--- START ---

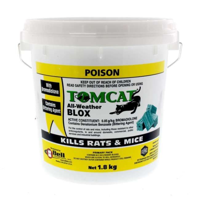 TOMCAT All-Weather BLOX is a single-feeding anticoagulant rodenticide containing the active ingredient, Bromadiolone. It is an excellent clean-out and maintenance bait to control mice and rats, including warfarin-resistant Norway rats. TOMCAT BLOX is specially formulated with an optimal blend of food-grade ingredients and a small amount of paraffin. The result is a highly palatable, yet weatherable, bait that works well in wet and dry conditions. Bait acceptance with TOMCAT is superior due to its highly palatable formulation. Plus, manufactured with Bell's extrusion process, TOMCAT BLOX has multiple edges that appeal to a rodent's desire to gnaw. Rodents can consume a lethal dose in just one feeding. Bait shyness is not a problem with TOMCAT because mortality occurs a few days after bait is consumed. TOMCAT is also less toxic to non-target animals, in both primary and secondary poisoning situations, than other single-feeding anticoagulants. The antidote, Vitamin K1, is readily available and there is a time factor for treatment. For ease of use, the pre-measured 28g BLOX has a hole in the center which lets technicians place it on bait securing rods in tamper-resistant bait stations. It can also be nailed or wired to rafters and ceilings or placed in tight locations.'
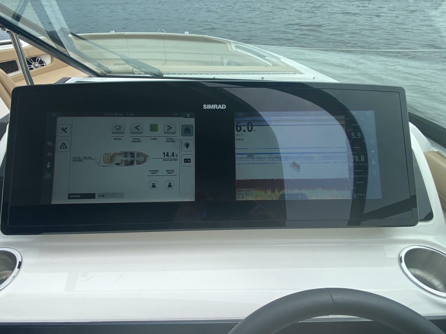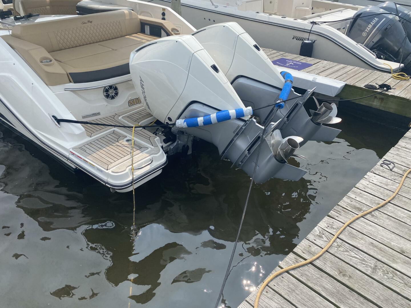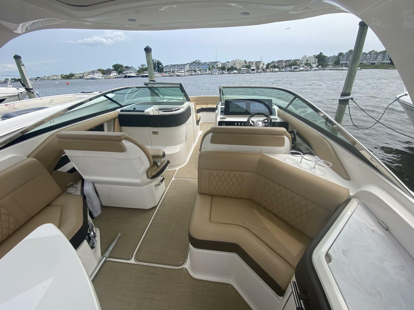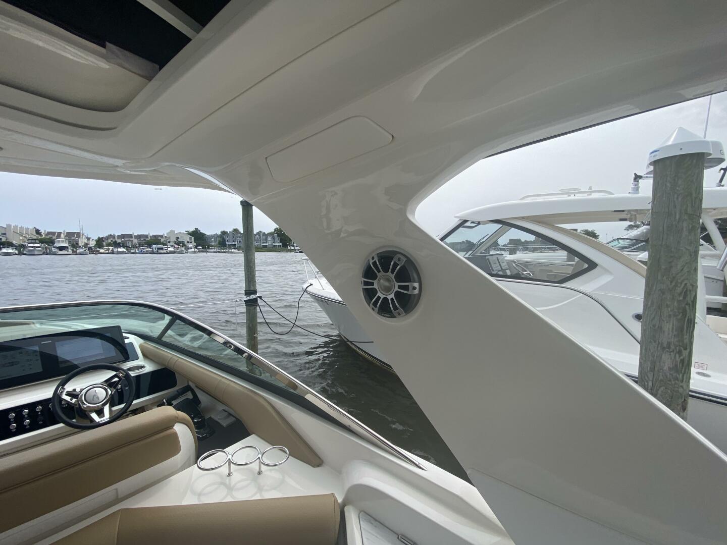 2023 Sea Ray 310 SLX OB, Powered by twin Mercury 300 Verados (only 20 hours) Joystick, Digital Controls Dual 12" Simrads, Simrad VHF Radio, Upgraded Fusion Sound System, Underwater Lighting, RGB LED Lighting, Hardtop with Slider, Teak Swim Platform w/swim ladder, Cockpit Refrigerator 12 V, Wet Bar Area with sink & storage & built in cooler, Sidestep for fixed boarding, Infinity woven flooring, Large head w/sink and vacu flush toilet & macerator, Wind screen door, Windlass stainless steel anchor, Fender clips, Electric extendable Sunshade, Docking lights, Battery charger, Bow & cockpit covers, Cockpit table.
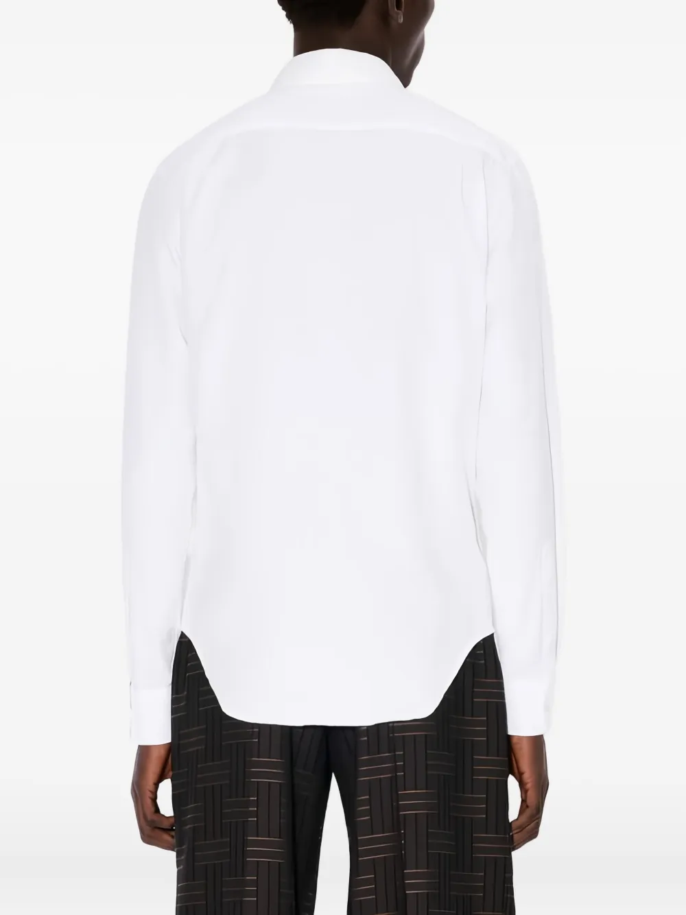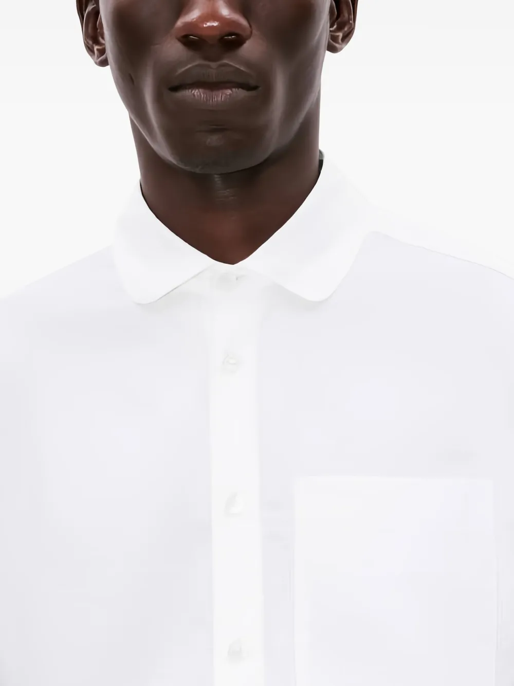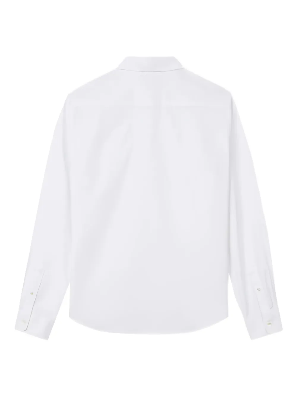 Белый заостренный воротник, один нагрудный карман, застежка на пуговицы, длинные рукава
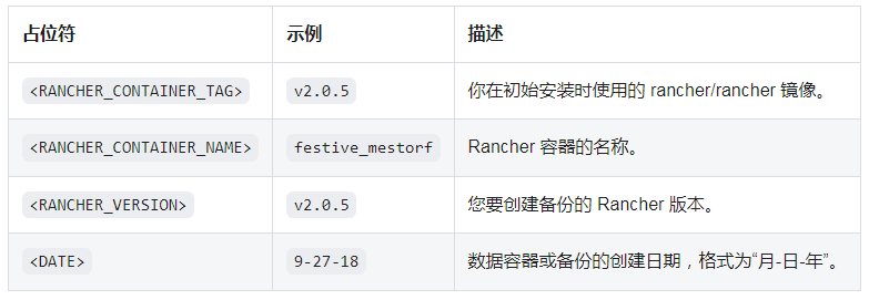 在此命令中,<RANCHER_CONTAINER_NAME>和<RANCHER_VERSION>-<DATE>是 Rancher 部署的环境变量。
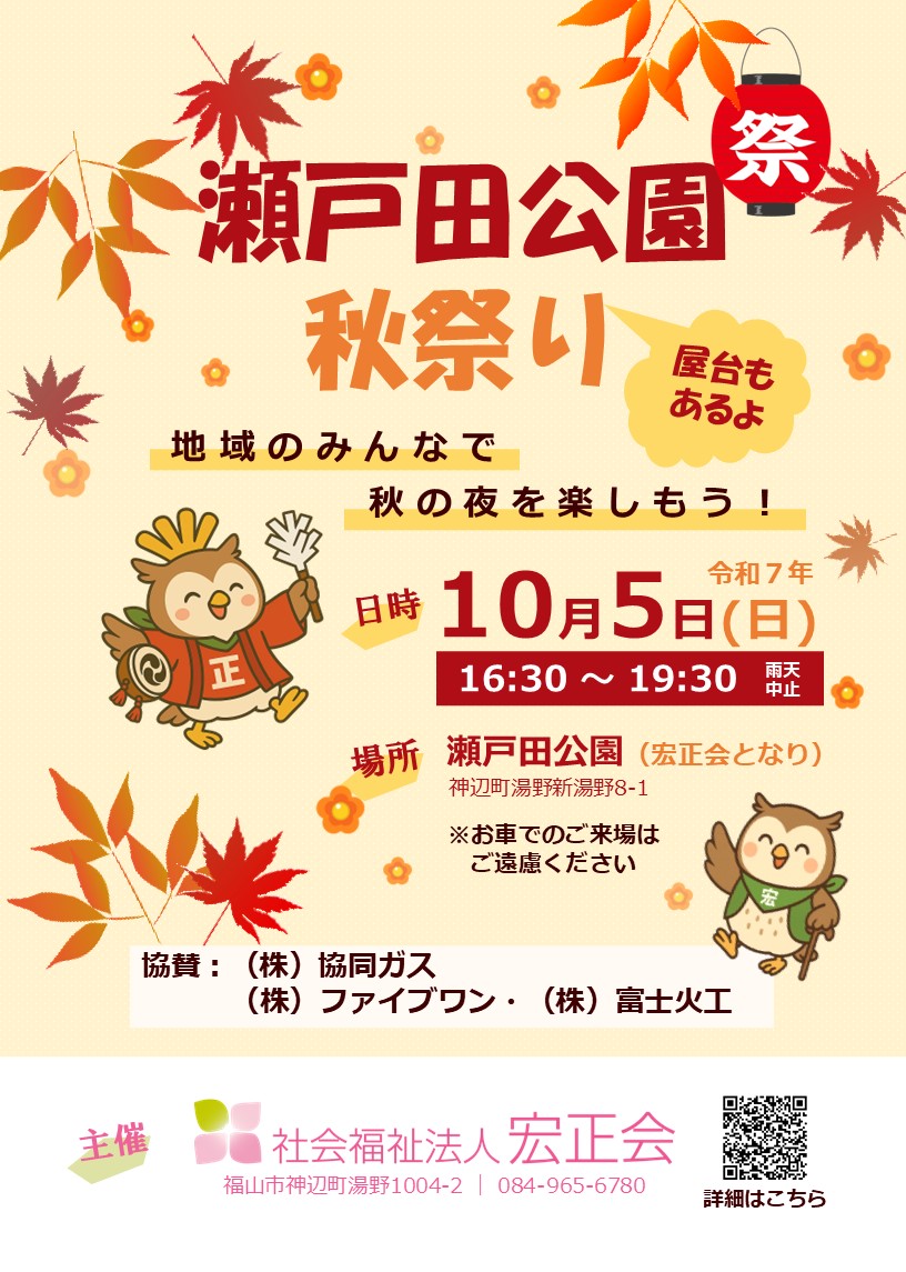 お問い合わせ先:社会福祉法人宏正会(代表084-965-6780)

--- END ---

#### TASK GOAL
Copy nothing but the lines from the line holding "2023 Sea Ray" through the last line of the entries, exactly, while leaving out the pictures.

#### OUTPUT BELOW
 2023 Sea Ray 310 SLX OB, Powered by twin Mercury 300 Verados (only 20 hours) Joystick, Digital Controls Dual 12" Simrads, Simrad VHF Radio, Upgraded Fusion Sound System, Underwater Lighting, RGB LED Lighting, Hardtop with Slider, Teak Swim Platform w/swim ladder, Cockpit Refrigerator 12 V, Wet Bar Area with sink & storage & built in cooler, Sidestep for fixed boarding, Infinity woven flooring, Large head w/sink and vacu flush toilet & macerator, Wind screen door, Windlass stainless steel anchor, Fender clips, Electric extendable Sunshade, Docking lights, Battery charger, Bow & cockpit covers, Cockpit table.
 Белый заостренный воротник, один нагрудный карман, застежка на пуговицы, длинные рукава
 在此命令中,<RANCHER_CONTAINER_NAME>和<RANCHER_VERSION>-<DATE>是 Rancher 部署的环境变量。
 お問い合わせ先:社会福祉法人宏正会(代表084-965-6780)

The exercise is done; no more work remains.